Jak wynika z komunikatu opublikowanego przez związek zawodowy Isotita, przyczyną przerwy w pracy jest żądanie stałych i stabilnych miejsc pracy oraz położenie kresu „nielegalnej praktyce rozwiązywania umów na czas nieokreślony i corocznego ich odnawiania”.
Ratownicy wezwali także do utworzenia stanowiska nadzorcy ratownika i usunięcia istniejących „osób niewykwalifikowanych”.
Stowarzyszenie ratowników wysłało w tej sprawie pismo do MSW i wzywa do pełnego udziału w masowym strajku w godzinach 10:00–12:00.
Jak twierdzi stowarzyszenie pływacy zimą pozostaną bez ochrony na trzech oznakowanych plażach w Larnace – nie można zapewnić im personelu zgodnie z planem krajowym SALAMIS.

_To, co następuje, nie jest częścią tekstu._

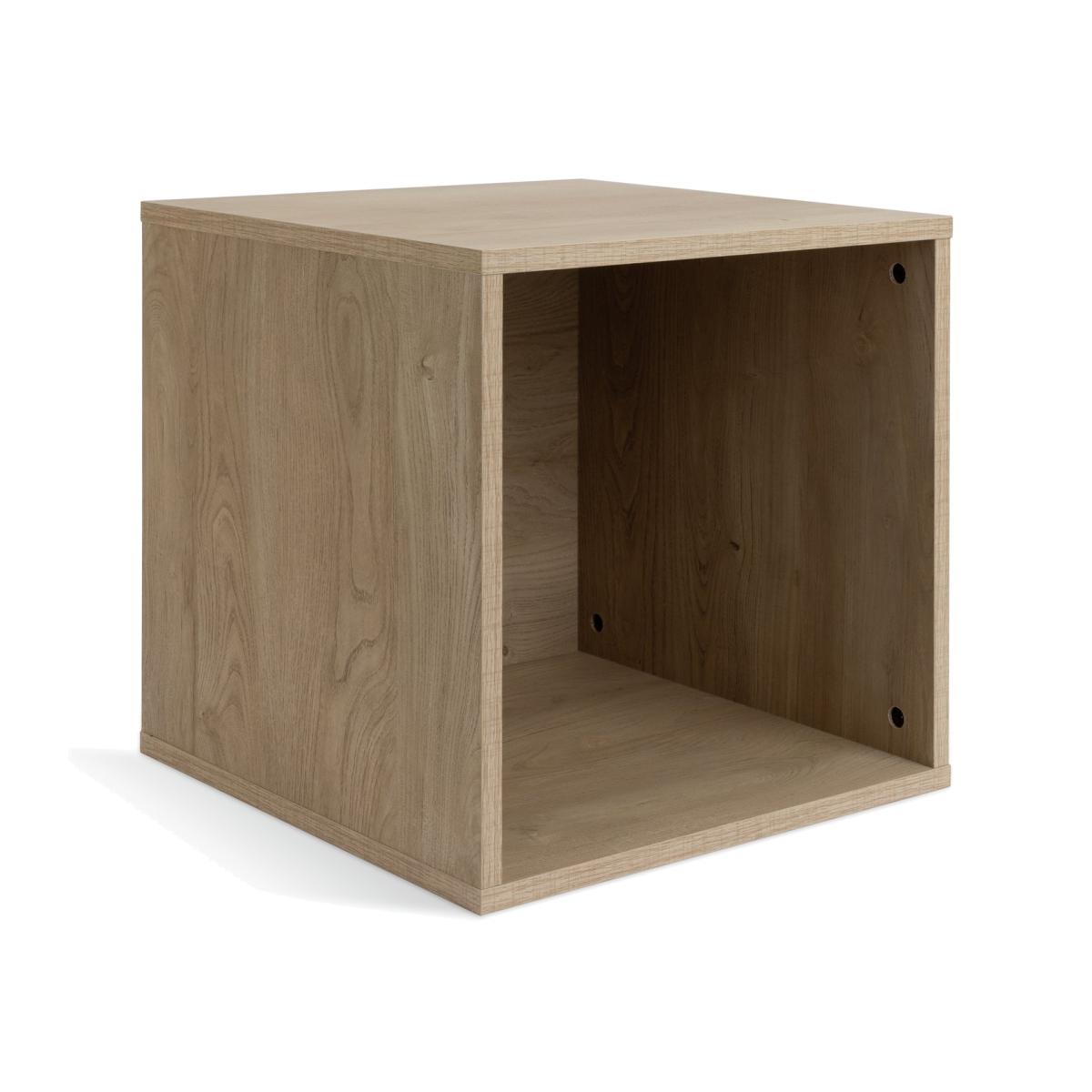 Create spaces that work for you with our oak finish modular shelving unit. This square storage cube can be used singularly or as part of a stack. Also pairs with the other pieces in the Rubrics modular collection for a minimalist look with the warmth of wood. Part of the Rubrics collection. Made from wood effect - oak finish. Package includes 1 x (H39.7 W39.7 D39.7). Weight 6.5kg. Maximum load 10kg. 2 x metal fixing plates and fittings. 1 x wall fittings. Package dimensions: Package 1 H7.6, W48.9, D42.2cm. Weight 7.3kg. General Information: Packed flat - 2 people recommended. FSC certified meaning the materials used for this product are responsibly sourced. Manufacturer's 1 year.

Zarząd Prowincji Larnaka zdecydował się nie kontynuować odpowiedniego zabezpieczenia plaż , pomimo wskazówek i zaleceń wydanych przez Ministra Spraw Wewnętrznych, cechy, a także zorganizowane grupy miasta i prowincji Larnaka.
Zgodnie z zapowiedziami, w trosce o bezpieczeństwo kąpiących się, w punktach ratunkowych zatrudniona będzie ochrona.
W sezonie zimowym w Larnace działają trzy plaże w Mackenzi, Finikoudes i Oroklini, które zgodnie z planem krajowym SALAMIS muszą być obsadzone przez dwóch ratowników przez siedem dni w tygodniu.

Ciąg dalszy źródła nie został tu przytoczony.